No notarían la ausencia de un frasco o dos ¿verdad?
—¿Alteza?, ¿qué hace aquí?— La voz grave del recién designado archivista real lo trajo de regreso a la realidad. El susto era un susto halcón de baja estatura, comparado con los reyes (Aún así, seguía siento más alto que Hernevalito), de plumaje gris azulado y rostro de lechuza.
—Buenos días, archivista Rosaldivo—, saludó el príncipe, recordando que debía ser educado (y que siempre le ayudaba a salirse con la suya).
—Buenos días, joven príncipe. Dígame, ¿qué lo trae al archivo? Si está buscando algún otro libro sobre Enkara, acabamos de terminar una copia del códice Ceimulián ¿o busca algo más antiguo?— El archivista lo miró con sospecha (quizá por la desaparición de aquél cofre lleno de manuscritos, pero nadie vió nada).
—¡Uy, ese no lo he leído…! Ah, digo… no, lo veré después. La…, la verdad yo… Ah, yo derramé mi tintero y ya no tengo tinta. Me preguntaba si podía tomar uno de sus frascos—. El susto entrecerró un poco los ojos, pero pareció satisfecho con las razones del pequeño.
—Claro, alteza. Por favor, sígame, si fuera tan amable…— El archivista dió media vuelta y Hernevalito lo siguió, cruzaron el scriptorium, el anexo de la biblioteca donde fungían sus funciones más arduas los archivistas y bibliotecarios. Estaba lleno de varias hileras de escritorios con superficies ajustables, inclinados de acuerdo a las necesidades de cada uno de los sustos aprendices (algunos usaban las capuchas anaranjadas de los bibliotecarios y otros las amarillas de los archivistas, todos haciendo ejercicios de copistas y encuadernación).

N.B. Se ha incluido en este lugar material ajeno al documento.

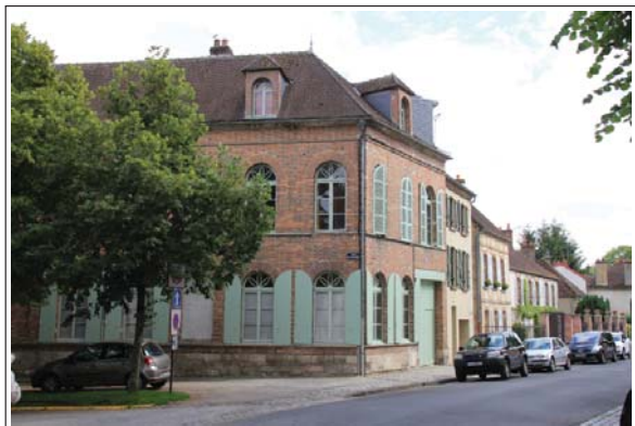
Rue du Capitaine Faucon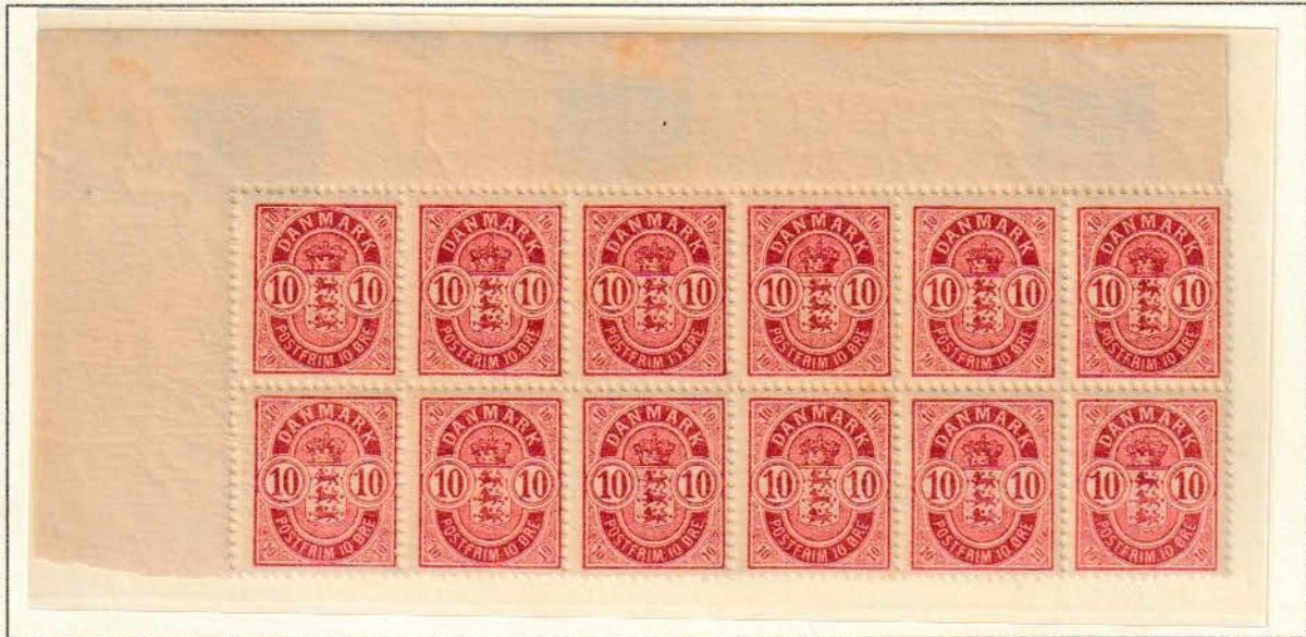
17. tryk pos. A1 – 6/11 - 16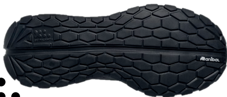
Image plante relief semelle

*Paire de lacets de rechange gris incluse.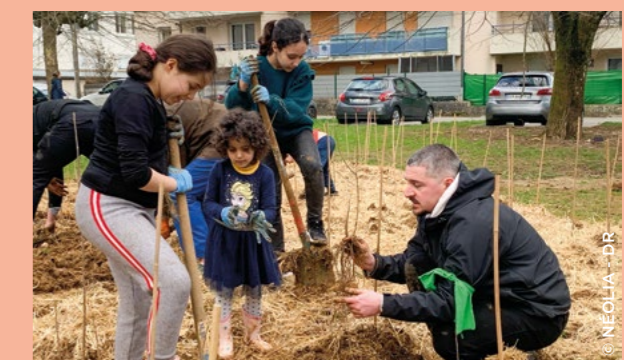
*Besançon a remporté le titre de « Capitale française de la Biodiversité 2018 ».

C'est dans une ville verte que Néolia a démarré la plantation de micro-forêts urbaines selon la méthode Miyawaki : après Besançon* (27) en février, ce sera au tour de Saint-Louis (68) et Strasbourg (67) de bénéficier de cette initiative de végétalisation en cœur de quartier. Réalisée en partenariat avec la Ville, la Métropole, Cœur et Canopée et la Maison de quartier Montrapon Fontaine-Écu, cette première opération a été co-financée par Néolia et Action Logement. Sur un espace limité, 2 îlots de 50 et 150 m 2 (l'équivalent de 12 places de parking), les micro-forêts ont accueilli 450 plants : des espèces locales d'une grande diversité qui mesureront 50 centimètres le jour de la plantation et gagneront 1 mètre par an. L'entretien est réalisé par les habitants, accompagnés par Cœur et Canopée. Au terme des trois premières années de croissance, la végétation sera autonome et nécessitera peu d'entretien. Les bienfaits de ce nouvel espace, qui permet de se (re)connecter à la nature et de favoriser le lien social, sont nombreux : soutien à la biodiversité locale en recréant des niches écologiques, absorption de CO 2 30 fois supérieure à la captation réalisée par des reboisements classiques, constitution d'îlots de fraîcheur (-2 °C), isolation visuelle et phonique (-10 dB), ombrage et coupe-vent pour les bâtiments, amélioration de la qualité de l'air par la fixation de poussières et de 15 % des particules fines, drainage des eaux et fixation des sols... ●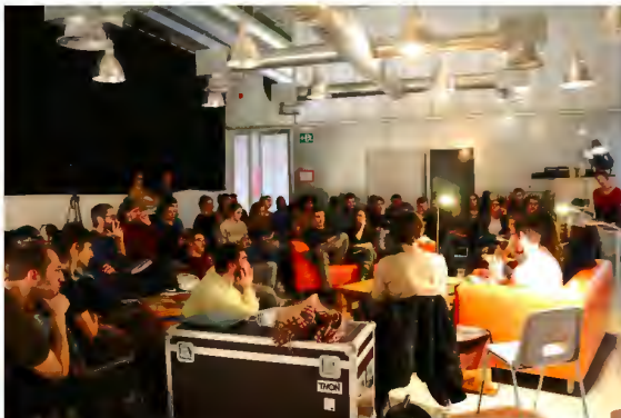
Jornada Dramaturgia Gener 2018

La particularitat que suposa que La Central del Circ sigui gestionada per l'Associació de Professionals de Circ de Catalunya és un valor afegit inestimable, que fomenta el talent i la creativitat des d'un punt de vista sectorial i global, estimulant les sinèrgies amb els altres àmbits del procés artístic. D'aquesta manera, l'APCC dota al projecte de continguts que van més enllà de la pròpia activitat del centre, enriquant la seva oferta i elevant el seu àmbit d'acció més enllà del de la creació artística.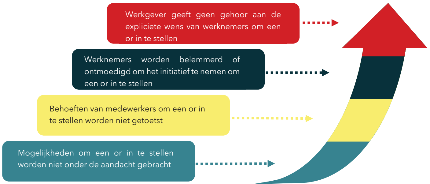
Figuur S.1 De verschillende treden van niet-naleving

Niet-naleving neemt in de praktijk dus meerdere vormen aan: ontoereikende inspanningen vanuit de werkgever om een or in te stellen en/of inspanningen van de werkgever om het initiatief vanuit werknemers nadrukkelijk te belemmeren. Dit neemt niet weg dat werkgevers wel degelijk inspanningen verrichten om hun verplichtingen omtrent medezeggenschap na te komen. Een deel van de werkgevers kan naar eigen zeggen niet veel doen aan het feit dat een or ontbreekt en geeft aan dat zij voldoende inspanningen verrichten om hun verplichtingen na te komen. Dat een or ontbreekt, zien zij als een gevolg van een gebrek aan behoeften onder werknemers aan een or.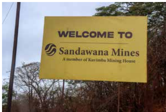
Ehemalige Edelsteinmine im Süden Simbabwes, die zum Schauplatz von Konflikten um den Lithiumabbau wurde

Im Jahr 2022 verhängte die Regierung ein Verbot für den Export von unverarbeitetem Lithium, um die lokale Verarbeitung zu fördern. Das Verbot wurde jedoch wegen seiner selektiven Anwendung kritisiert. Seit 2023 führt ein Forschungsprojekt unter der Leitung des „Tropical Africa Land and Natural Resources Research Institute of Zimbabwe“ Interviews mit Kleinbergleuten in Mberengwa durch, dem Bezirk, in dem sich die Sandawana-Mine befindet. Bislang unveröffentlichte Daten aus diesem Projekt deuten darauf hin, dass die politische Elite das gesetzliche Exportverbot für Lithium genutzt hat, um normale Zimbabwer daran zu hindern, an der Lithium-Wertschöpfungskette teilzuhaben. Sowohl in dieser Studie als auch in den Mainstream-Medien haben Einheimische ihre Vermutung geäußert, dass chinesische Bergbauunternehmen Politikern und Regierungsbeamten Bestechungsgelder gezahlt haben, um trotz des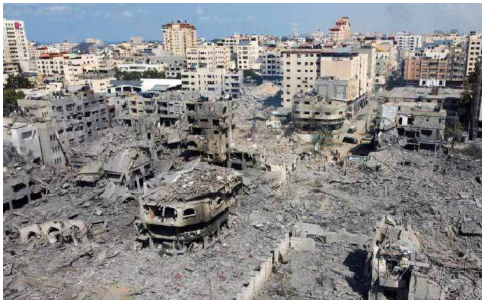
Gaza, un grito desesperado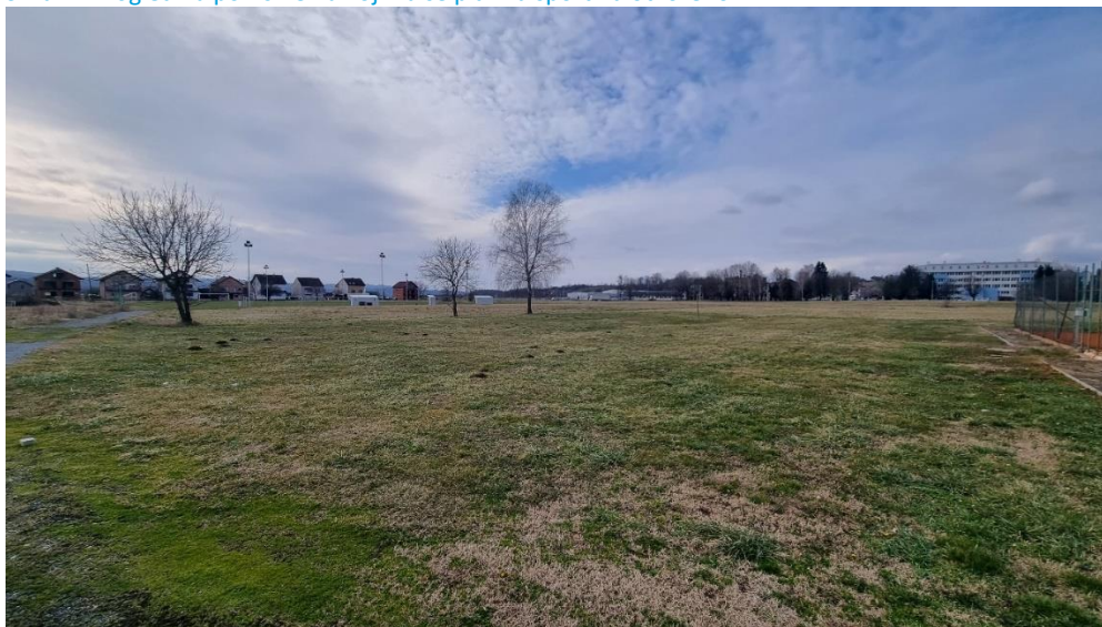
Slika 14: Pogled na površine na kojima se planira sport na otvorenom

Svaka građevna čestica mora imati pristup na javnu prometnicu te priključak na komunalnu infrastrukturu, u skladu s uvjetima ovog Plana. Propisani broj parkirališnih mjesta u zoni R3 osigurava se na javnim parkiralištima unutar obuhvata Plana. Čestice na kojima se grade isključivo sportski tereni, dječja igrališta, skate park ili sl. ne moraju imati pristup na javnu prometnicu, već se pristup može osigurati preko pješačke površine te nije potrebno da imaju priključak na svu komunalnu infrastrukturu.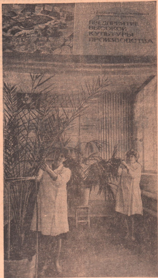
Хлебокомбинат. Коллектив предприятия борется за высокую культуру производства.

Осенью прошлого года в переулке Театральном к домам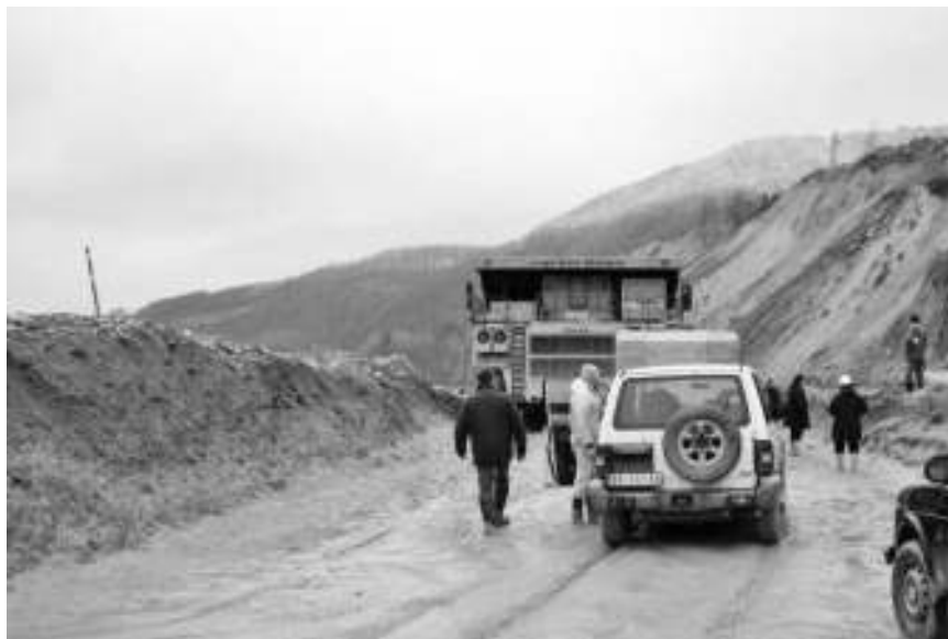
Место несреће у РБМ

У пожару у неготинском насељу Вељко Влаховић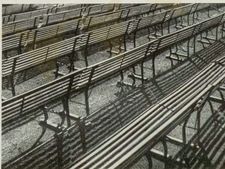
Gaspar Gasparian, Paralelas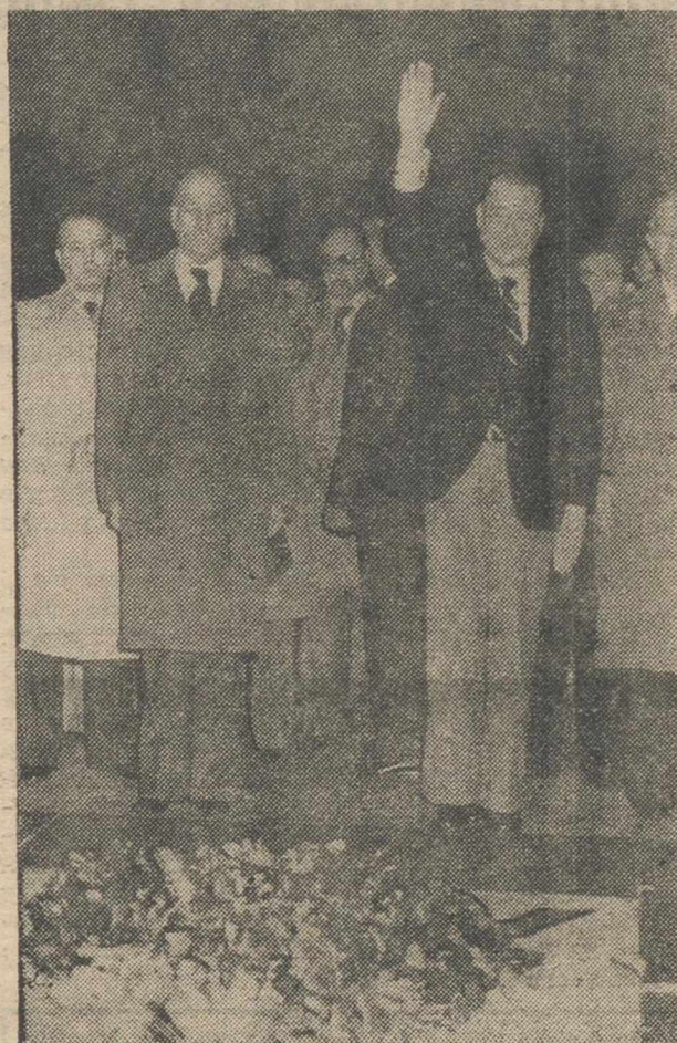
MADRID. — El secretario general del MIS, partido neo-fascista italiano, acompañado por el notario madrileño y líder de "Fuerza Nueva", Blas Piñar, durante la visita que ha efectuado al Valle de los Caídos en donde depositó sendas coronas de flores ante las tumbas de José Antonio y del General Franco. —.

MADRID, 17 (Efe). — El secretario general del Movimiento Social Italiano, Giorgio Almirante y el presidente de Fuerza Nueva, Blas Piñar, han hecho un comunicado conjunto en el que señalan la similitud de sus partidos frente a los mismos peligros y el mismo motivo de defender la libertad en Europa Occi-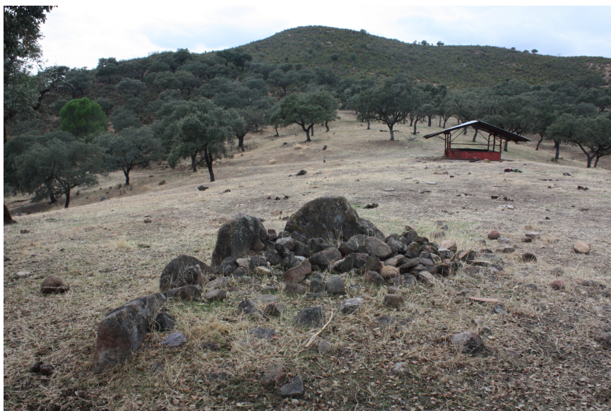
Fig. 4 - Imagen del dolmen.

Los ortostatos O3 y O4 presentan una sinuosa inclinación al exterior, evidenciando que su posición original ha variado con el paso del tiempo, probablemente por la incidencia de las raíces de un árbol que pudo nacer entre ambos. La línea que marcan los ortostatos O2, O3 y O4 parece indicar la dirección de la galería, orientación que quedaría ratificada con la función de cierre del fondo del sepulcro representada por O1. De esta forma la orientación de la galería sería Este-Oeste (Fig. 4).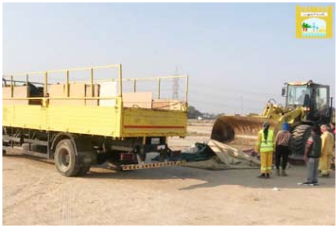
إزالة أحد المخيمات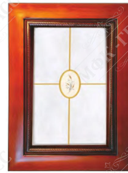
Фасад рамочный под стекло*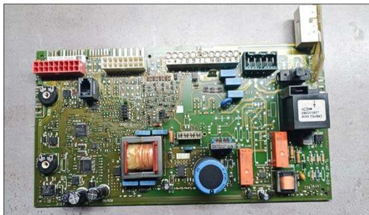
Prawie jak makieta miasta.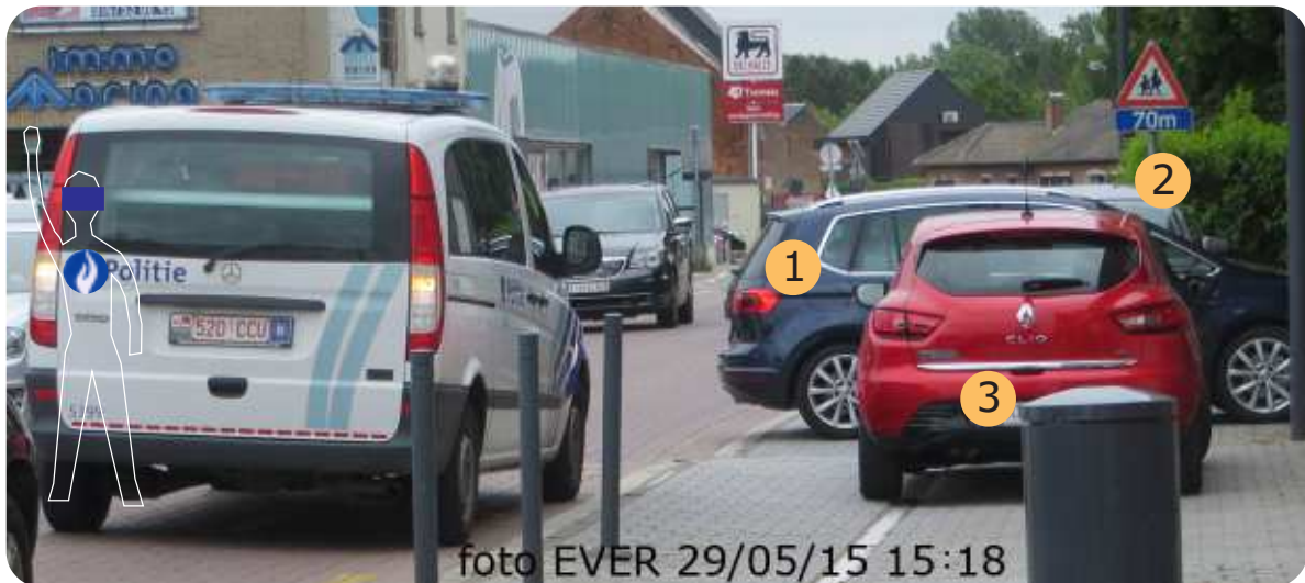
De combi stopt voor de bewoner die vanuit zijn garage achteruit de straat op rijdt

Deze week heeft de federale wegpolitie de cijfers bekend gemaakt van de acties rond verkeersveiligheid wat als een prioriteit wordt aanzien. Met dit artikel geven we aan hoe het er in de praktijk in Tremelo bij de PZ BRT aan toe gaat.

Del otro lado, pasaron por una puerta que llevó a la bodega de los archivistas, ahí había varios estantes y alacenas cubriendo las paredes (presumiblemente, llenos de materiales y herramientas de escritura). En el centro, había una sola mesa con objetos que, probablemente, estaban esperando por un lugar designado: buriles, punzones, cálamos, estilos y plumas de diferentes tipos; frascos grandes con delicadas láminas doradas y plateadas, algunos llenos con polvos de colores y otros con líquidos (cada uno con su respectiva etiqueta atada a la tapa), carretes de hilo, y también… libros, tomos sin título en su lomo cuyo canto era tan blanco y liso como un bloque de marfíl.
—¿Estos libros son para restaurar?— Preguntó el príncipe, extrañado con la apariencia tan… nueva.
—Oh, no. Son libros en blanco—. El archivista aclaró y le dió unas palmadas a una pequeña pila de estos. —Estos encuadernados están recién terminados, listos para transcribir en ellos. Por el momento todas sus páginas están vacías, pero pronto albergarán alguna antología o serán la residencia de alguna copia. Quizá alguno se vuelva una enciclopedia.
—Guau…— El príncipe suspiró y sintió su corazón acelerarse ¡Seguro que a Francisca le serviría uno de esos!
—Bien, ¿la tinta negra usual le parece bien?— El archivista preguntó, abriendo un compartimento de su escritorio privado (frente a la ventana) donde se oyó el titilar de varios contenedores de vidrio.
—Aaah, la verdad, yooo… quisiera algo de tinta azul—. Admitió el pequeño tecotias y el archivista suspiró. El susto se acercó a un estante de madera donde había tintas de muchos colores alineadas pero, visiblemente, desorganizadas.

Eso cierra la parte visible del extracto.